*** Data excerpt

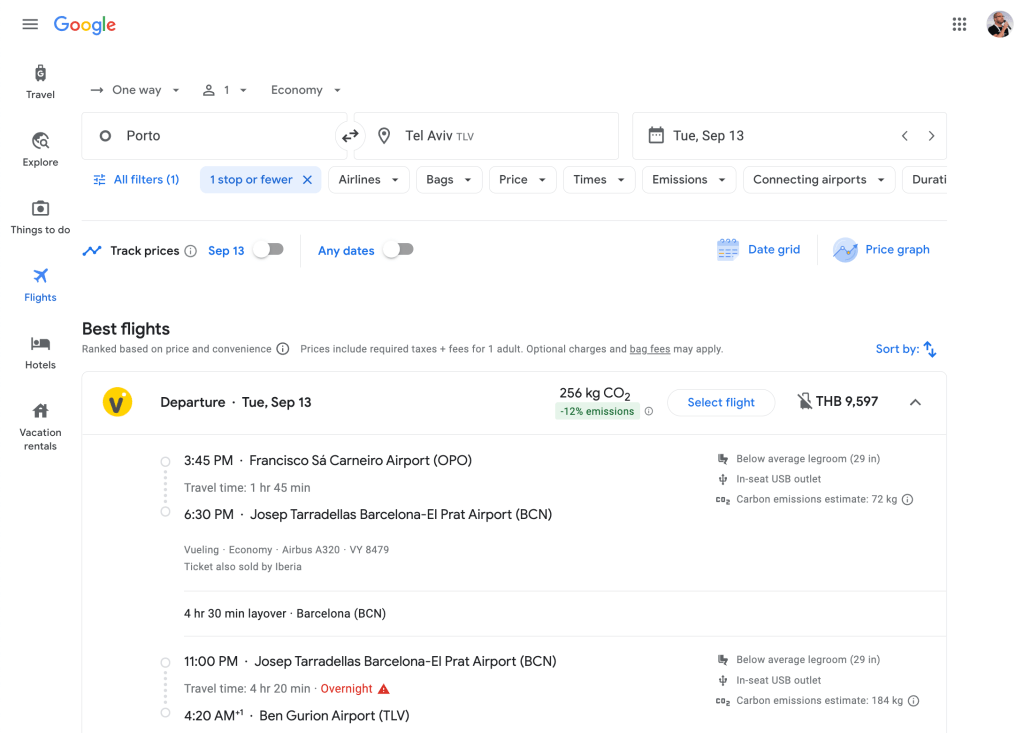 אז שהבנתי את הסיטואציה, חיפשתי טיסה מפורטו – לתל אביב, החיפוש הזה היה ב-9.2.22. ישמע לכם אולי מוזר אבל בתקופה הזו לפני חצי שנה כמעט אף אחד לא טס בישראל, אנשים עדיין חששו מהקורונה. וזה אומר שבכללי היו הרבה פחות אפשרויות טיסה לישראל ובכלל היו עדיין הרבה פחות טיסות בכללי בעולם.
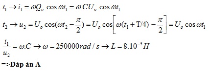 Một mạch dao động lí tưởng gồm một cuộn dây thuần cảm và tụ điện có điện dung 2nF. Trong mạch đang có dao động điện từ tự do với chu kì T. Tại thời điểm t1, cường độ dòng điện trong mạch là 5 mA. Sau một khoảng thời gian Δt = T/4, hiệu điện thế giữa hai bản tụ là 10 V. Độ tự cảm của cuộn dây là
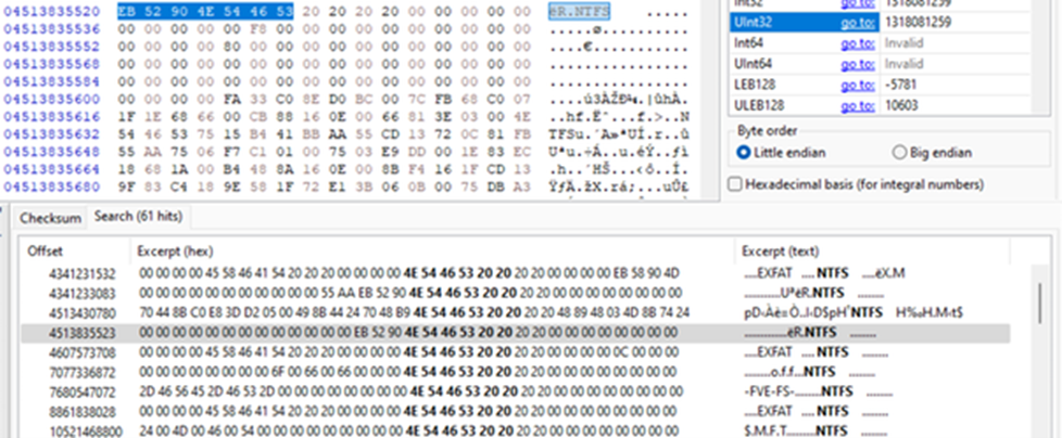 Figure 12: Seeking the hex string that indicates the start of an NTFS sector
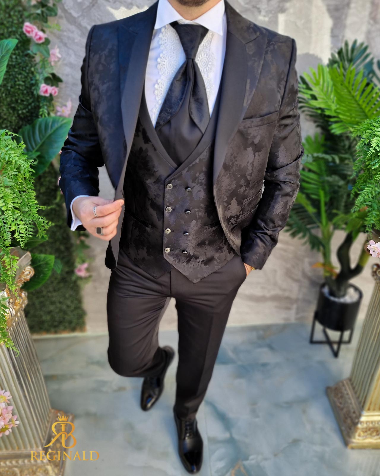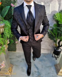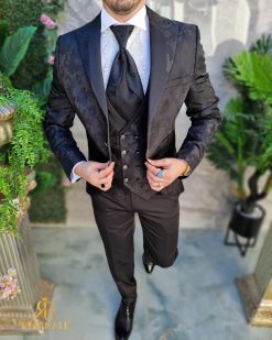 Set Cravata si batista, Turcoaz cu model - CV1074

******

What is needed
Every line of the material must be returned exactly; leave the images out.

Answer to the problem
 אז שהבנתי את הסיטואציה, חיפשתי טיסה מפורטו – לתל אביב, החיפוש הזה היה ב-9.2.22. ישמע לכם אולי מוזר אבל בתקופה הזו לפני חצי שנה כמעט אף אחד לא טס בישראל, אנשים עדיין חששו מהקורונה. וזה אומר שבכללי היו הרבה פחות אפשרויות טיסה לישראל ובכלל היו עדיין הרבה פחות טיסות בכללי בעולם.
 Một mạch dao động lí tưởng gồm một cuộn dây thuần cảm và tụ điện có điện dung 2nF. Trong mạch đang có dao động điện từ tự do với chu kì T. Tại thời điểm t1, cường độ dòng điện trong mạch là 5 mA. Sau một khoảng thời gian Δt = T/4, hiệu điện thế giữa hai bản tụ là 10 V. Độ tự cảm của cuộn dây là
 Figure 12: Seeking the hex string that indicates the start of an NTFS sector
 Set Cravata si batista, Turcoaz cu model - CV1074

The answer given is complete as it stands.